En avril 1975, une délégation du Parti socialiste conduite par François Mitterrand s’est rendue à Moscou. Pendant deux jours, elle a eu avec les dirigeants soviétiques Mikhaël Souslov et Boris Ponomarev des entretiens sur de nombreux sujets. L’un de ces entretiens a porté sur la situation au Portugal. En voici la teneur, d’après les notes prises par Claude Estier.
François Mitterrand — En ce qui concerne le Portugal, l’analyse est complexe. D’une façon générale, il y a les anticommunistes et il y a ceux qui ne sont pas communistes, comme les socialistes français, mais qui ne sont pas anticommunistes. Il faut être très précis dans la définition. Être concurrents des communistes ne peut signifier que l’on soit anticommuniste. On ne peut donc pas assimiler à l’anticommunisme le fait de se présenter en concurrent du Parti communiste. Au Portugal, communistes et socialistes sont devenus concurrents de façon désagréable. Il s’agissait d’apprécier la réalité du Mouvement des forces armées. Il y a toujours un problème quand l’armée devient un parti politique. Après discussions, les socialistes portugais ont accepté. La question a été résolue, mais elle se posait. Le Parti socialiste français a toujours recommandé aux socialistes portugais de rester alliés aux communistes. Et il ne faut pas oublier que tous les dirigeants socialistes ont lutté contre la dictature.
Mikhaïl Souslov — Alvaro Cunhal a passé quinze ans en prison.
François Mitterrand — C’est un homme remarquable, mais Mario Soares aussi et il faut trouver un terrain d’entente. Aucun parti de l’Internationale socialiste ne nous a demandé d’intervenir dans un sens anticommuniste. Nous pensons seulement que les communistes portugais ont été parfois trop violents dans leur langage et que les socialistes ne doivent pas être les seuls à faire des efforts.
Mikhaïl Souslov — Quand nous parlons des interventions des partis sociaux-démocrates, nous ne visons pas les socialistes français.
François Mitterrand — Si un parti social-démocrate est intervenu dans un sens anticommuniste, il a eu tort.

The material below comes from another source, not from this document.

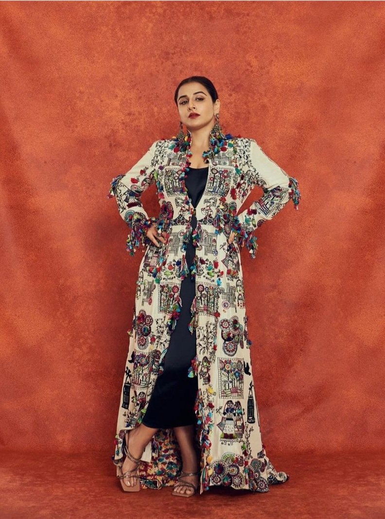 यदि आप उन लोगों में से हैं, जो मल्टिकलर्ड ड्रेस को ले कर आश्वस्त नहीं हैं कि वह आप पर अच्छी लगेगी या नहीं तो विद्या बालन की तरह सॉलिड कलर की ड्रेस के ऊपर मल्टिकलर्ड केप पहन सकती हैं. विद्या का यह मल्टिकलर्ड आउटफ़िट अनामिका खन्ना के कलेक्शन से है.
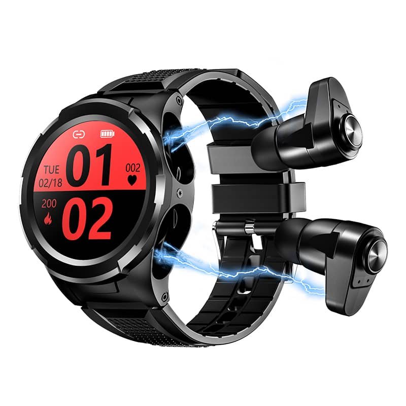 This innovative smart watch offers you 2-in-1 Brand-New experience of Smart Wearable Devices, which not only acts as a fitness tracker, but also a full-functional Bluetooth earphones. Wireless connection makes it’s your perfect choice for daily activity tracking and enjoy music. TWS Bluetooth Headphone Ingenious storage In the side of the watch.

Mikhaïl Souslov — Nos relations sont plus étroites avec le Parti communiste portugais. nous connaissons bien Cunhal et nous l’avons vu plusieurs fois à Moscou. Nous avons eu également des entretiens avec Soares. Notre attitude est la non-ingérence dans les affaires du Portugal. Mais le véritable danger vient des anciens partisans de Salazar et de Caetano et non des communistes. Le P.C. portugais n’est pas dirigé par des aventuriers, mais il cherche à unir les forces démocratiques et à développer leur cohésion.
François Mitterrand — Il n’y aura pas de difficultés pour nous entendre sur le refus de toute ingérence au Portugal et sur la préservation des chances de l’union des forces démocratiques. Nous ne nous associerons à aucune démarche contre le P.C. portugais.
Mikhaïl Souslov — C’est avec plaisir que nous prenons note de cette déclaration.
François Mitterrand — Le gouvernement portugais a raison de vouloir modifier les structures économiques du Portugal. Des pressions capitalistes s’exercent en sens contraire. Mais elles ne passent pas par nous.
Boris Ponomarev — Là est bien la différence d’appréciaton ; non pas avec vous, mais sur ce problème du Portugal.
François Mitterrand — Disons que nous y avons des amis privilégiés différents… Nous n’avons pas d’intérêt à des complications internationales à propos du Portugal. Dans les Pays de l’Europe du Sud, la gauche est en pleine évolution. C’est un phénomène nouveau auquel nous somme particulièrement attentifs.